Factory Audit – Getting It Right First Time
The global financial crisis has oriented business perspectives firmly towards delivering lower cost products whilst maintaining the high levels of quality and service that consumers demand. In the manufacturing sector this means that outsourcing to skilled established production centres in developing nations has become a key priority for many companies that are struggling to maintain margins and hold onto customers.
If you’re considering outsourcing your production or are already significantly down the path to doing so then you’ll need to make auditing your suppliers a priority.
Why conduct a factory audit?
There are several good reasons to keep on top of your outsourcing partners, to ensure both quality of finished goods and also to meet the ethical demands of an increasingly aware consumer base who don’t wish to support environmental damage or child/virtual slave labour.
You can break down the audit process into a series of stages, some of which should be continuous and others which can be performed as “one off” activities.
- Initial Supplier Evaluation – before you do business with any other party, it makes sense to verify that they are who they say they are, and as importantly that they can genuinely deliver on their promises. Many contacts in the developing world will advertise themselves as representing a factory, when in fact they are middle men. In itself being a middle man is not a bad thing, they often enable small factories to reach a wider market place than they could by themselves. The trouble for outsourcers is that middle men often have next to no control over the relationship with a producer and cannot resolve issues relating to quality or performance.
- Social Compliance Auditing – a vital component of delivering products to the wider market is ensuring that your suppliers can meet certain ethical and environmental standards. Even big companies with established policies of using ethical sourcing have fallen foul of failing to audit their supply chain for compliance to these policies, recently the British chain of retailers “Monsoon” were exposed in the national press for utilising child labour (unknowingly) through one of their Indian factories. Risking your hard won reputation is not worth it.

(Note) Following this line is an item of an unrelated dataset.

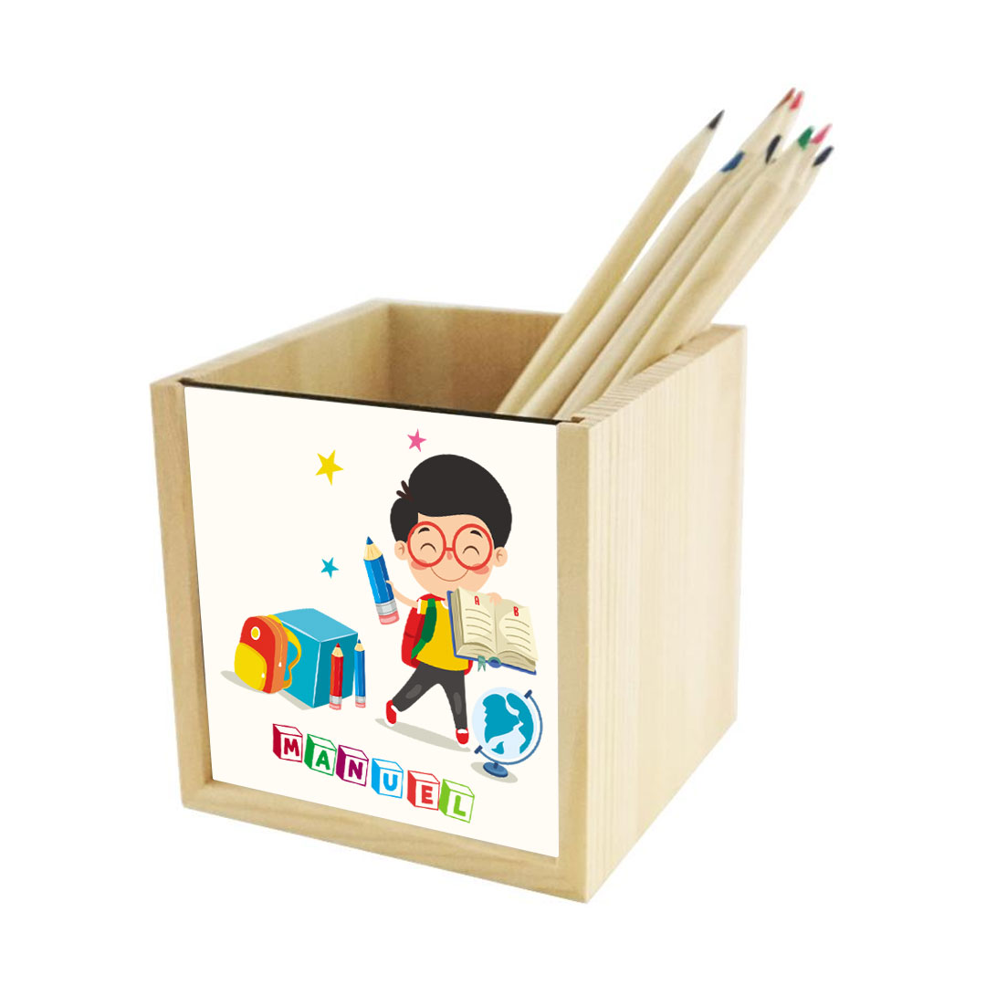Los portalápices de madera son ideales como decoración de escritorios de niños.

- Supply Chain Auditing – it’s not just your direct partners that you need to monitor, you also need to make sure that anyone supplying those partners meets certain standards too. As importantly you also need to ensure that any parts or materials supplied by this chain are as promised in any initial agreements, Chinese manufacturers have become notorious for substituting components for lower quality cheaper parts or for adding toxic chemicals to materials in order to up for production defects (including the local scandal of highly toxic Melamine being added to baby milk, resulting in the deaths of several children and severe illness in hundreds more).
- Production Inspections – the samples you received are perfect, but the products following those samples are not so good? It’s a familiar tale when working with developing nation outsourcers, build quality of prototypes is nearly perfect but lax standards in production mean that production runs simply don’t match that quality. You can save time and money by inspecting a small quantity of product during early manufacturing to ensure that at least the initial processes are correct, and also inspecting the finished products before they are shipped to take corrective action early. For large quantities it may also be sensible to conduct inspections throughout the run so that errors which creep into the process can be remedied quickly before they cause huge delays for delivery.
- You might also want to have someone check if rejects are being destroyed as per your contract. For high value brands this is an essential element of brand management and often neglected and taken on trust, the markets of Asia are full of rejects from all sorts of major names because of this. Auditing a factory’s compliance in this area can save your brand from being tarnished.
- Shipping and loading inspections – it doesn’t end at the factory either, if your goods are high value, fragile or need to meet certain legal requirements for packing, loading and labelling it’s a good idea to ensure that they don’t go missing, get broken or fail inspection on arrival by auditing the goods as they are being loaded and through to freighting.
Large companies may find that it is economic to place staff on the ground to cover all elements of factory auditing, but small to medium size businesses may struggle to provide the depth required at an affordable price. If you find yourself in this situation, don’t skimp on the auditing process which could result in recalls or worse severe damage to your brand and reputation, find a local partner to work with. Ideally a partner who specialises in factory audits with both Western and local staff, to ensure communication and cultural barriers are not an issue.
Whatever you do, don’t compromise on quality your customers won’t thank you for it.